[INSTRUCTIONS TO FOLLOW] The listing below contains a span that opens with the line containing "Un parfum original" and closes with the line containing "应用范围: 产品描述 ULTEM". Return that span exactly.

[DATA FOR PROCESSING]
******************************

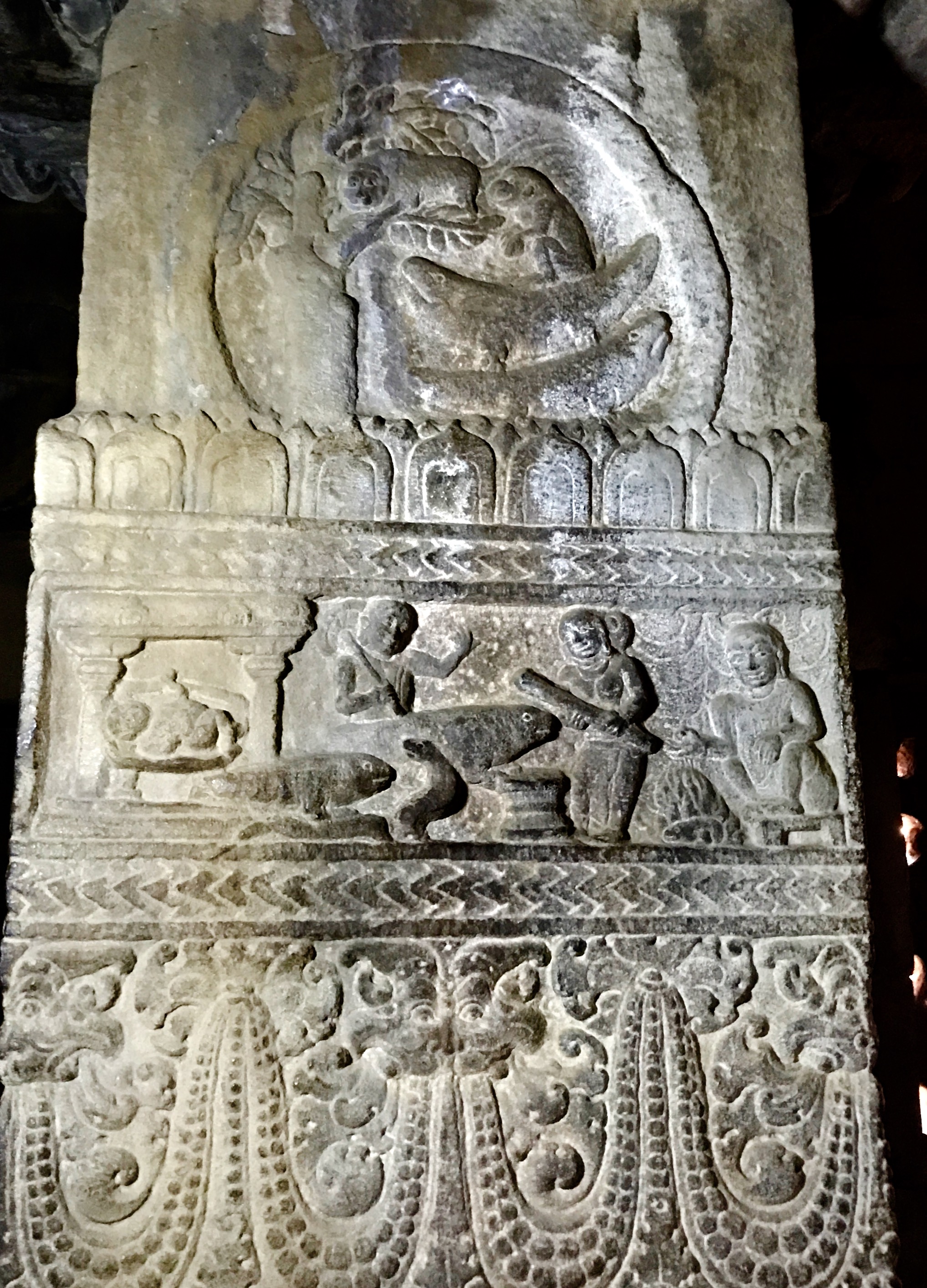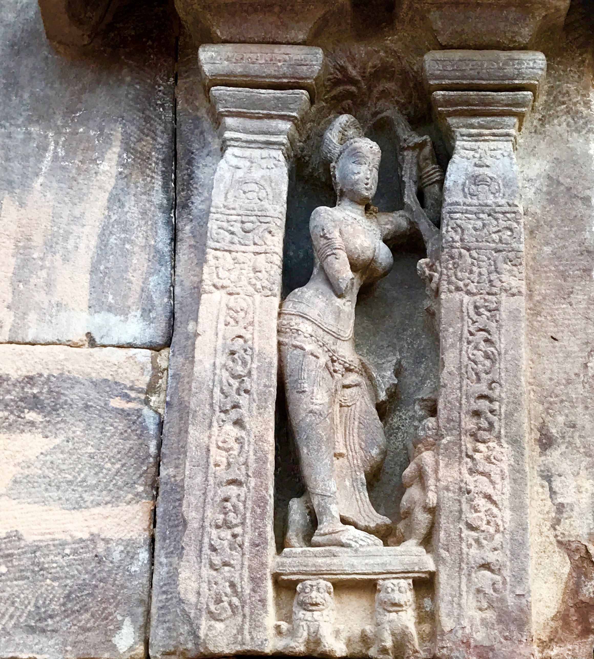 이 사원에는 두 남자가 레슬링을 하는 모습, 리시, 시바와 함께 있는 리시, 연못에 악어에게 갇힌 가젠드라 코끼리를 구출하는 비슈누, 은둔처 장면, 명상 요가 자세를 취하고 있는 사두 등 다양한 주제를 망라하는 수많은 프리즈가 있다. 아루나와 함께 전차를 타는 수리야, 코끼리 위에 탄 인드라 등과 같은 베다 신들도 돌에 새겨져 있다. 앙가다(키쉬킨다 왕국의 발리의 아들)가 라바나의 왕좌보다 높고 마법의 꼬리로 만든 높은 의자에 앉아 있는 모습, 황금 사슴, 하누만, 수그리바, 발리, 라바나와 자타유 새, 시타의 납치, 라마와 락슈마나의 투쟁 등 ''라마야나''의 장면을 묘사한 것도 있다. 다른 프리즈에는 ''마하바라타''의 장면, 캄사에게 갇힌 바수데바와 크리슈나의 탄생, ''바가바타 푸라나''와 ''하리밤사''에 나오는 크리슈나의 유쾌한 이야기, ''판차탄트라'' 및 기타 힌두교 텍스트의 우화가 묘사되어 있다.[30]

******************************

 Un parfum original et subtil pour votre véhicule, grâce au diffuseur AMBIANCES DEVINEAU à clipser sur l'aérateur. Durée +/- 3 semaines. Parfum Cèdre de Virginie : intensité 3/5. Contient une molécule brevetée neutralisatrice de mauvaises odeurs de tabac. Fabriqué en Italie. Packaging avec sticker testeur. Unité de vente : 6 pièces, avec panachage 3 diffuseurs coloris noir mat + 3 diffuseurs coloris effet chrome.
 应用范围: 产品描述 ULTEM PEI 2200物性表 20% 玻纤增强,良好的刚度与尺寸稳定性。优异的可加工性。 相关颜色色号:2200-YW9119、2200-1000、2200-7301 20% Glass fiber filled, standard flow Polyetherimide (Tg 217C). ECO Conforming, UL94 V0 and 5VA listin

******************************

[ANSWER TO THIS PROBLEM]
 Un parfum original et subtil pour votre véhicule, grâce au diffuseur AMBIANCES DEVINEAU à clipser sur l'aérateur. Durée +/- 3 semaines. Parfum Cèdre de Virginie : intensité 3/5. Contient une molécule brevetée neutralisatrice de mauvaises odeurs de tabac. Fabriqué en Italie. Packaging avec sticker testeur. Unité de vente : 6 pièces, avec panachage 3 diffuseurs coloris noir mat + 3 diffuseurs coloris effet chrome.
 应用范围: 产品描述 ULTEM PEI 2200物性表 20% 玻纤增强,良好的刚度与尺寸稳定性。优异的可加工性。 相关颜色色号:2200-YW9119、2200-1000、2200-7301 20% Glass fiber filled, standard flow Polyetherimide (Tg 217C). ECO Conforming, UL94 V0 and 5VA listin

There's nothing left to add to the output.